У него взяли кровь — не сразу, но взяли. При этом мне просто так не забрать выписку [с результатами анализов] — нужно отправить официальное письмо с запросом, причем только по «Почте России». Результаты анализов, которые у него брали в апреле, я получила только в конце лета. Я увидела, что три параметра не в норме — два повышенных, один пониженный. Но врачи-то об этом [раньше меня] узнали в СИЗО — и ничего не сделали. Они даже не понимают, что это за параметры, почему они повышены и что нам дальше с этим делать — то есть взяли [кровь] как просили, вклеили [результаты анализов] в карту — а дальше они не специалисты, чтобы разобраться, что с этим делать. Поэтому единственный выход — это оплачивать [прием] в частной клинике, договариваться с сотрудниками СИЗО, чтобы они вывозили Егора на обследования, и я могла сразу получить там все результаты.
— Насколько легко удается договариваться об этих выездах в клинику?
— Сотрудники СИЗО очень адекватно и по-человечески реагируют, палок в колеса нам не ставят и готовы вывозить его хоть каждые три недели, если это необходимо. Но на их готовность накладывается, например, состояние автозака, который ломается три раза в день. Егор зачастую и на суд приезжает с опозданием: потому что, как он говорит, они опять три раза сломались по дороге. А если автозак сломан, то как бы они ни хотели, они не могут его никуда вывезти. На последний суд Егор вообще приезжал на обычной легковой полицейской машине, потому что автозак опять был сломан.
Сейчас у него увеличилась стадия фиброза, но наш врач не может дать новый способ лечения, потому что мы у него не наблюдаемся. Следователь пошел навстречу: он передал документы [с результатами последнего обследования] в другую больницу и они нам хотя бы расписали лечение, чтобы остановить фиброз.
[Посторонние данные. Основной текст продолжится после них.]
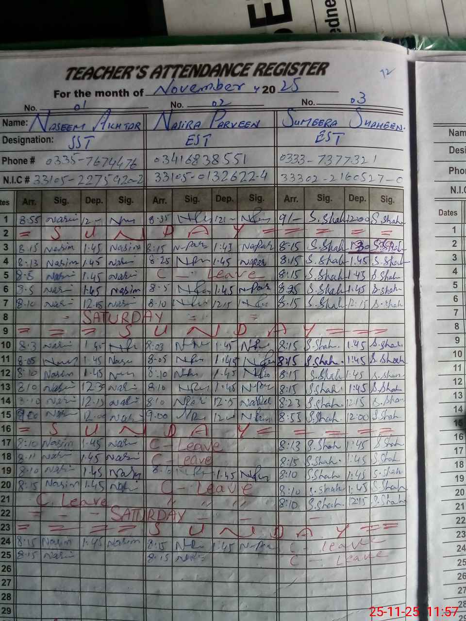 | CNIC | Full Name | Designation | R/C | Absence During Last Calender Month |

Но каждый раз следователь не будет договариваться с врачами. Да и гепатологов даже в Санкт-Петербурге не так много, а учитывая, что после приговора Егор уедет в Архангельск… Я очень сомневаюсь, что там есть гепатологи, которые специализируются на аутоиммунном гепатите.
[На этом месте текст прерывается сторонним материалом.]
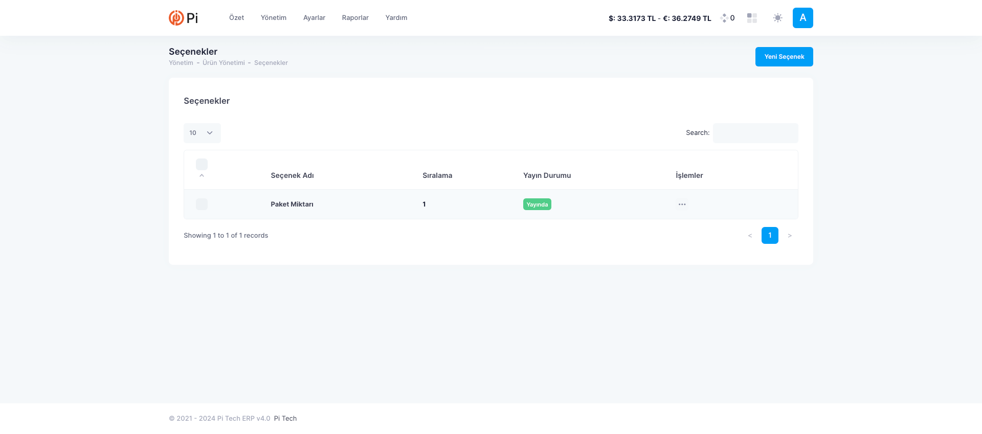 1. Yeni Seçenek Oluşturma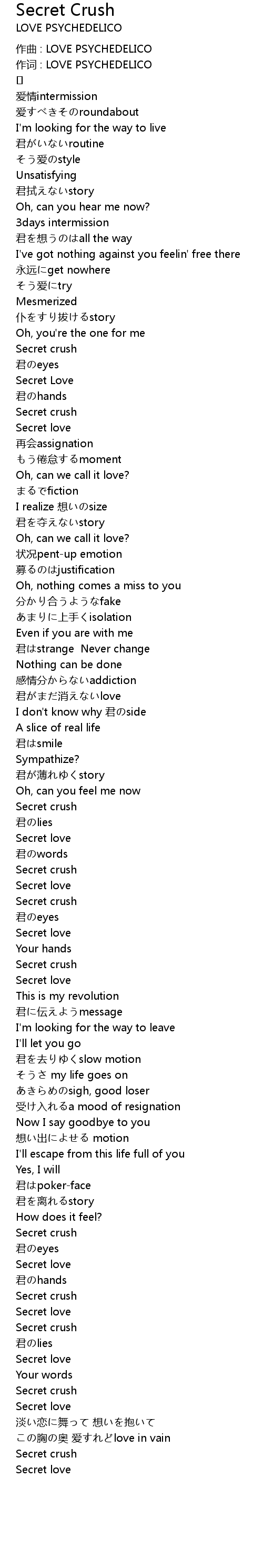 | 作词 : LOVE PSYCHEDELICO | |

— Почему с учетом заболевания Егор содержится в СИЗО, а не под домашним арестом?
— Все наши ходатайства отклонялись по одной простой причине — непосредственно из-за действия, которое совершил Егор. Он сейчас рассматривается практически как политический преступник — то есть он [якобы] покусился на конституционный строй и очень опасен. Поэтому несмотря на его состояние здоровья, он [с точки зрения судьи] должен находиться только под арестом в СИЗО.
— Вам об этом сообщал судья или вы сами сделали такой вывод?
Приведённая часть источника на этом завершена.